Maybe it's the Internet's fault - everything is just a click away - or so it feels. We click on something and if it doesn't instantly appear we get frustrated. "GAH! This link is taking TEN SECONDS to load. My life is wasting away!"

Do you ever notice holding your breath when you're online? Or breathing shallow?

The thing is, I'm not sure how to overcome this. Except for the obvious, hard, slow way of trying to be aware of it, trying to take deep breaths, trying to look away from the screen every now and then and focus on something else.

Perhaps all of this is to say that anyone who thinks life in Cape Breton for a young person is slow, boring, devoid of stuff, is DEAD WRONG. There is so much to do here and be done that I honestly wish there were two of me. Or five.

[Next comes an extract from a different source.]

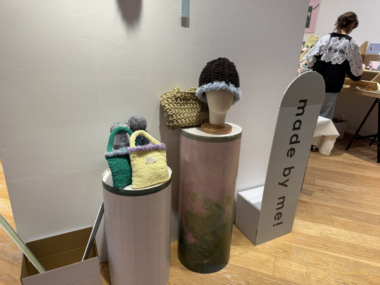 展示されていた手編みのバッグや帽子は、日本の毛糸ではあまり見かけないような鮮やかな色合いや、モコモコとした素材感が特徴的で、思わず立ち止まって見てしまいました。手芸好きの方々が熱心に糸を品定めしている様子が印象的でした。

Let me clarify, too, about STRESS. I don't actually feel awful, for the large majority of the time. What's at my core is calm, is peace, is happiness and excitement about my life and where it's going, both at the micro level (today, tomorrow) and the macro (next month, next year). And I'm pretty amazed at that. It's like I dug a little bit at the topsoil on my lawn and found a solid vein of gold.

When I'm talking about stress, at least in this post, what I mean are the logistics of fitting it all in, or at least as much of "it" as I can. Activities, work, sleep, seeing friends, my extracurriculars, all of that. Trying to be conscious of each moment as it comes and passes - and not living all the time in my head, in my dayplanner's version of the future.

Creativity is an amazing thing. I suppose I could also say LIVING is an amazing thing. And both are equally hard to stay in the moment with.

Also - I went to my first-ever yoga class, and LOVED it. I'll be going back, for sure.

That's all for now. Now I must dress and be off to work. And another day. Moment by moment. Right, Otis?